◆ **Aim of the task**
Which lines run from the one with "BURBERRY BFT50-110-16 GOLF" through the end of the data? Retype them exactly, without pictures.

◆ **Data segment**
------

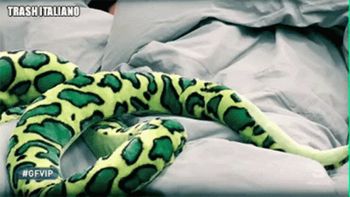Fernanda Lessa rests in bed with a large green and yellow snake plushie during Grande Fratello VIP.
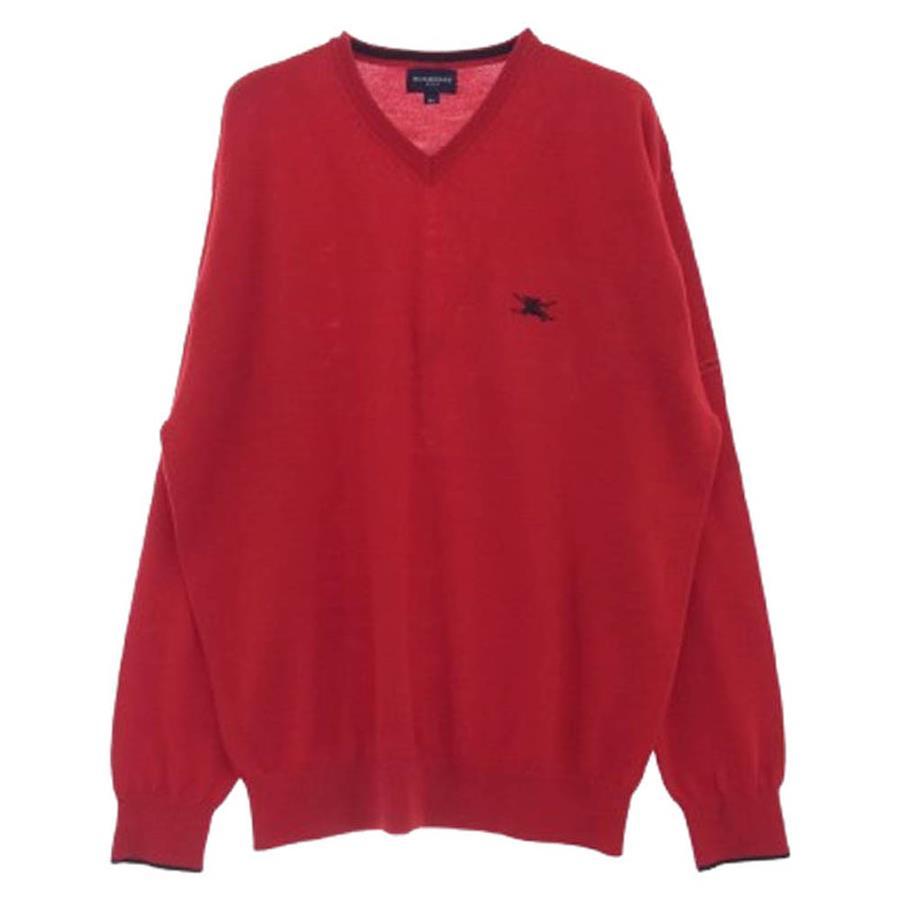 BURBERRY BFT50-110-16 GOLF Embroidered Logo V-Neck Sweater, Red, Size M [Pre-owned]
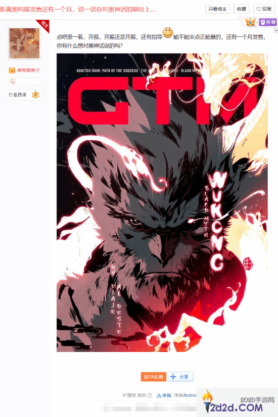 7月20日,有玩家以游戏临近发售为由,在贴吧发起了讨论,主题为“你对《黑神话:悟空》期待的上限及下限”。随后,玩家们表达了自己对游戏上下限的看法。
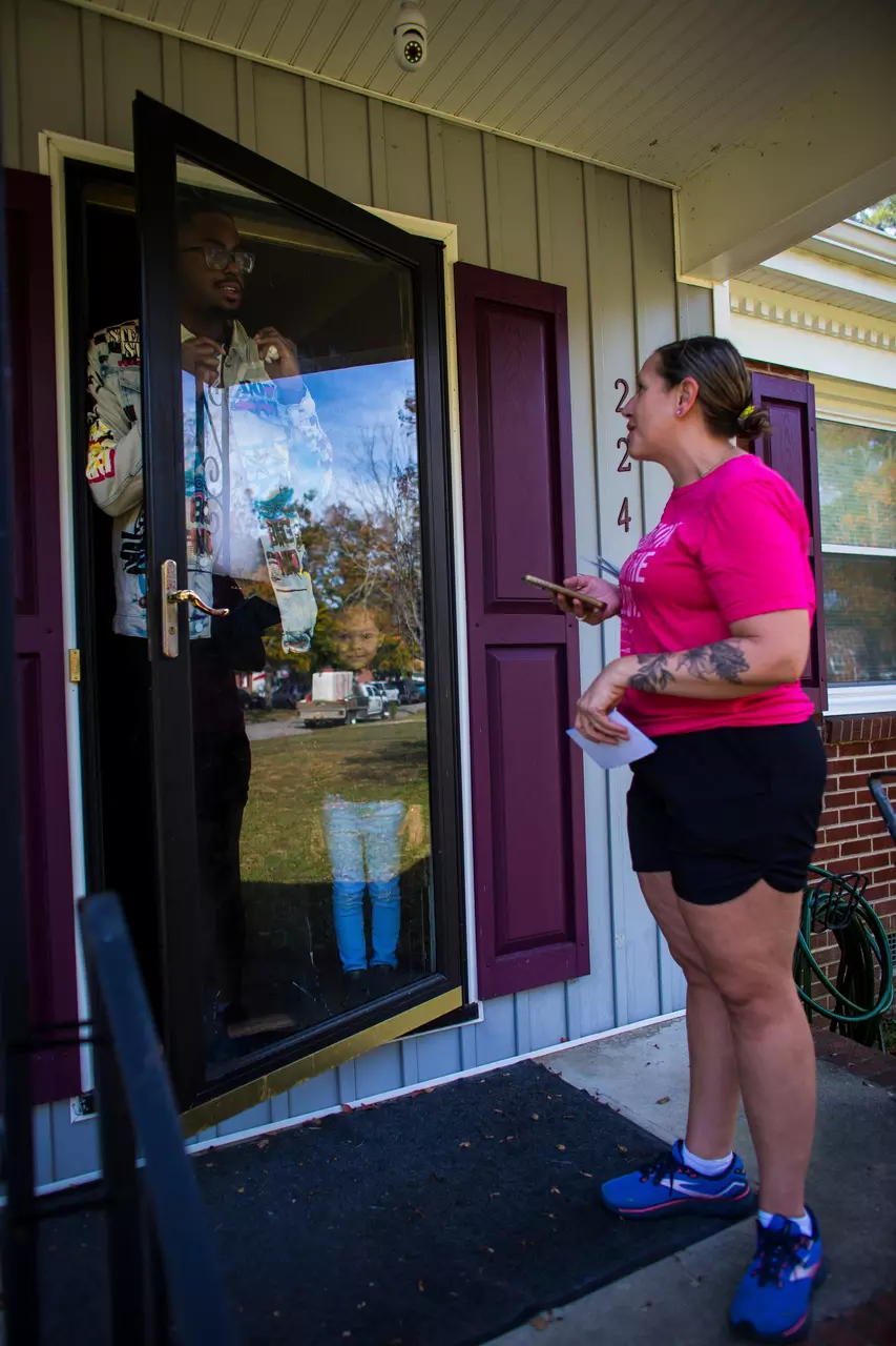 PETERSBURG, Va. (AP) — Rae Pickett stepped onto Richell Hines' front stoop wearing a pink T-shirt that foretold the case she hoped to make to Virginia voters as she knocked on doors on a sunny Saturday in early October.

------

◆ **Answer below**
 BURBERRY BFT50-110-16 GOLF Embroidered Logo V-Neck Sweater, Red, Size M [Pre-owned]
 7月20日,有玩家以游戏临近发售为由,在贴吧发起了讨论,主题为“你对《黑神话:悟空》期待的上限及下限”。随后,玩家们表达了自己对游戏上下限的看法。
 PETERSBURG, Va. (AP) — Rae Pickett stepped onto Richell Hines' front stoop wearing a pink T-shirt that foretold the case she hoped to make to Virginia voters as she knocked on doors on a sunny Saturday in early October.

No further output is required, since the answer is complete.